Studio album by Mary Chapin Carpenter
- Released: June 13, 1989
- Genre: Country
- Length: 38:21
- Label: Columbia Nashville
- Producers: Mary Chapin Carpenter John Jennings

Mary Chapin Carpenter chronology
| Hometown Girl (1987) | State of the Heart (1989) | Shooting Straight in the Dark (1990) |

Singles from State of the Heart
- "How Do" Released: April 15, 1989; "Never Had It So Good" Released: September 2, 1989; "Quittin' Time" Released: January 6, 1990; "Something of a Dreamer" Released: June 16, 1990;

= State of the Heart (album) =

State of the Heart is the second studio album by American singer-songwriter Mary Chapin Carpenter, released by Columbia Records on June 13, 1989.
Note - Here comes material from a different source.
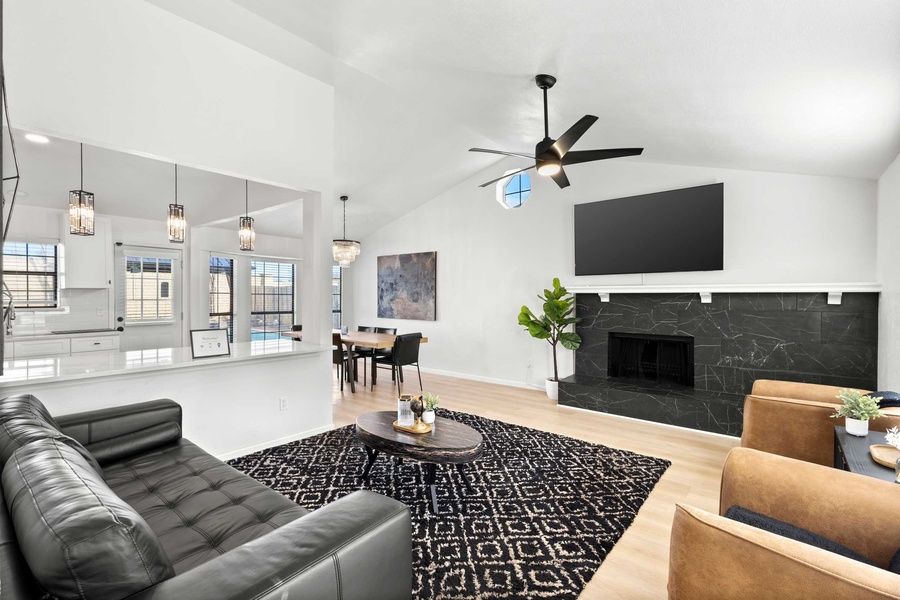 This is one southern oasis you won’t want to miss out on! Featuring a backyard paradise with an outdoor swimming pool as well as a patio with a BBQ grill, this place takes vacation house living to the next level! With a fully equipped chef’s kitchen, 3 bedrooms, and 2 bathrooms, this stunning, beautiful place is perfect for accommodating groups of up to 8. 3 bedrooms (sleeps 8 guests) 2 bathrooms Fully equipped chef’s kitchen Backyard a patio and BBQ grill Outdoor swimming pool The Space Our home caters for both short-term and medium-term stays, making it an excellent choice for corporate housing needs. Whether you find yourself temporarily displaced from your home or require accommodation for your team during an extended project in our area, we provide a welcoming and comfortable "home away from home" experience. KITCHEN This white kitchen features a breakfast bar with stool seating, a coffee bar, and all your necessary appliances! Fully equipped with cooking essentials, this is the perfect place to unleash your culinary prowess! Fully equipped kitchen for all your cooking needs Stainless steel appliances, including fridge, freezer, stove, and oven Breakfast bar with stool seating All basic cooking essentials included DINING ROOM The open-concept layout makes it easy to socialize all the way from food prep to meal time. With a beautiful wooden table, a chandelier, and lovely restaurant-like accents, we’ve brought the dining scene right to you. Dinner table with seat settings for 6+ Place settings and dining utensils Restaurant-like environment LIVING ROOM The comfortable couches, rug, and coffee tables have been carefully selected to cultivate a warm, inviting space, so sit back, relax, and enjoy your stay! Comfortable couches with plenty of seating Rug, artwork, and coffee tables Flat-screen TV and high-speed Wi-Fi BEDROOMS With 3 bedrooms to choose from, be sure to check them all out before settling in as they offer a variety of furnishings. 3 furnished bedrooms to choose from Plush mattresses, comfortable sheets, and fluffy pillows Bedside tables, TVs, and artwork Can comfortably sleep up to 8 guests BACKYARD This backyard is the perfect retreat for those looking to relax and unwind! Nothing beats the Texas heat like a cool, refreshing dip in the pool. If you’ve worked up an appetite from your fun in the sun, toss some of your favorite proteins onto the BBQ grill for a tasty, alfresco meal on the patio! Outdoor swimming pool Furnished patio with BBQ grill Fully fenced yard for your privacy OTHER AMENITIES Free parking is available to all guests. The laundry room is fully equipped with a washer and dryer should you need to refresh your clothing during your stay. Lastly, we must stress that we do NOT allow parties or large unauthorized gatherings of any sort on our property. We are adamant about only welcoming families and groups who are looking to relax and enjoy the beautiful stunning backyard and the amenities the home has to offer. Other things to note NO PARTIES/LARGE GATHERINGS We hope you use and love our home but must remind you that only registered guests will be allowed over while you are renting our property. Please feel free to reach out if you have any questions. If you’re not sure if your stay falls under these restrictions, please consult before booking. SAFETY DEPOSIT OR DAMAGE WAIVER REQUIRED We understand that accidents can happen. To help protect the space and ensure a worry-free stay, all reservations require either a damage waiver or a safety deposit. You can choose the option that works best for you: a non-refundable damage waiver ranging from USD39 up to USD79, which covers accidental damage and normal wear and tear (no deductible) or a refundable safety deposit of USD450, which will be returned after checkout as long as no damage is found and all house rules are followed. If you’ve already purchased Damage Protection Insurance through a third-party provider, feel free to share your policy with us—we’re happy to review it and we may consider waiving the requirement based on your coverage. Please note: The damage waiver does not cover damage caused by house rule violations. GUEST VERIFICATION REQUIRED To help ensure a safe and seamless experience for all guests, guest verification is required prior to confirming your reservation. This simple step is part of our commitment to providing a secure, smooth, and personalized stay for every guest. PET-FRIENDLY STAY Don’t leave your furry friends back home. Take them with you so they can enjoy a perfect vacation! We welcome house-trained pets with a non-refundable pet fee of USD150 per pet (maximum of 2 pets per stay). Please notify us in advance so we can make the necessary arrangements to ensure a comfortable stay for you and your four-legged companions. ADDITIONAL NIGHTLY RATE FOR 6+ GUESTS Our nightly rate includes the first six guests. With each additional guest, a USD29/night fee will be applied. Goldnest has engaged VacayHome to ensure this listing contains all the information you need and that it is easy for you to book via search engines & online channels. VacayHome is connected directly to the property management system used by Goldnest which ensures that availability & rates are up-to-date & accurate. When you book, VacayHome processes payment on behalf of Goldnest and a charge will appear on your statement as "VacayHome". VacayHome will send you a confirmation e-mail that contains all the information you need to prepare for your vacation including arrival instructions. VacayHome has a 24 x 7 team to assist you with any questions or concerns you may have prior to arrival. To access VacayHome, obtain the customer support telephone number or read FAQs, please click on the links at the bottom of this page.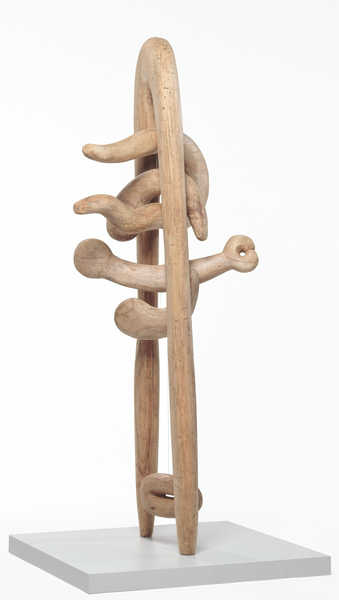 After seven months, Noguchi returned to New York, vowing to dedicate himself exclusively to his art. A series of interlocking sculptures made from marble and slate sheets emerged out of intense work in seclusion, and some of them were included in the Museum of Modern Art’s 1946 exhibition 14 Americans. With evocative titles such as Gregory-Effigy and Kouros, his sculptures from this period maintain a liminal relationship with both figuration and abstraction and give form to the paradoxical notion of transformation in which stability and fragility are in strange coexistence. The easy construction and dismounting of these formally inventive works was also noted by the popular press.2Avatar and Cronos, both from 1947 and in the Walker Art Center collection, were made during this important period of transition and maturation in the sculptor’s life and career. Crafted from pink Georgia marble and later cast in bronze, Avatar employs the same principle of construction as other interlocking sculptures. The joints carved into its compositional planes allow them to be quickly assembled into a whole. Cronos, carved out of balsa wood, an especially light material, consists of a set of rather turgid parts shaped like a boomerang, a bone, and an orb, which intersect, overlap, and penetrate one another, all suspended on a large central horseshoe-shaped support. Describing this work christened with the name of Zeus’ father in Greek mythology, Noguchi wrote, “The image was that of the falling tears, or the limbs, of his sons devoured by the Titan.”3 The biomorphism of both works clearly links the new phase in Noguchi’s art to Surrealism, which had been brought to New York by mostly French émigré artists. The ambiguous and richly suggestive curves, punctuations, and protrusions invite bodily and psychoanalytic readings, also highly relevant to Surrealist art.

Featuring a more country sound than her debut Hometown Girl (1987), State of the Heart eventually rose to the No. 28 position on the Billboard's Country Albums chart, with four of its tracks finding places within the Hot Country Singles chart. Chronologically, they were "How Do" at No. 19, "Never Had It So Good" at No. 8, "Quittin' Time" at No. 7, and "Something of a Dreamer" at No. 14.

Professional ratings
Review scores
| Source | Rating |
| Allmusic | Star |
| Chicago Tribune | Star |
| Q | Star |

==Track listing==
All songs written by Mary Chapin Carpenter unless noted.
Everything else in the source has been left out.